Returns the k-th word in our dictionary (k>=0 && k < uniqueWords).

Bellow is a recursive implementation which should be called with one parameter:atIndex(the k value previously mentioned).

   func kthword(atIndex index: Int, from node: TrieNode? = nil, characters: [Character] = []) -> String? {
       let node = node ?? root

       if index >= self.uniqueWords() {
         return nil
       }

       var alphabetString = "abcdefghijklmnopqrstuvxyz"
       var alphabetSequence = Array(alphabetString.characters)

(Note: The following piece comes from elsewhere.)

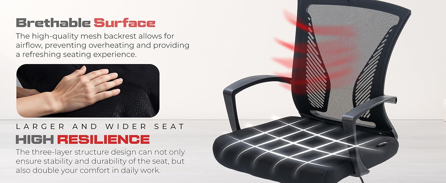 - Premium Breathable Mesh Construction: Crafted with a high-quality breathable mesh, the backrest ensures optimal airflow to keep you cool and comfortable even during long working hours. This mesh design not only promotes ventilation but also enhances the overall durability and aesthetic appeal of the chair.
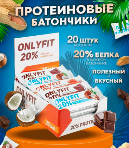 ONLYFIT Батончики протеиновые 20шт по 40г

       if index == 0 && node.isFinal {
           return String(characters)
       }

       var skipped = 0
       if node.isFinal {
         skipped += 1
       }

       for char in alphabetSequence {
           if let child = node.children[char] {
               if skipped + child.prefixCount >  index {
                   // find the word in the current child
                   return kthword(atIndex: index - skipped, from: child, characters: characters + [char])
               } else {
                   // skip words 
                   skipped += child.prefixCount
               }
           }

       }

       return nil
   }

The line let node = node ?? root uses something called nil- coalescing. Directly from apple developer:

The nil-coalescing operator (a ?? b) unwraps an optional a if it contains a value, or returns a default value b if a is nil. The expression a is always of an optional type. The expression b must match the type that is stored inside a.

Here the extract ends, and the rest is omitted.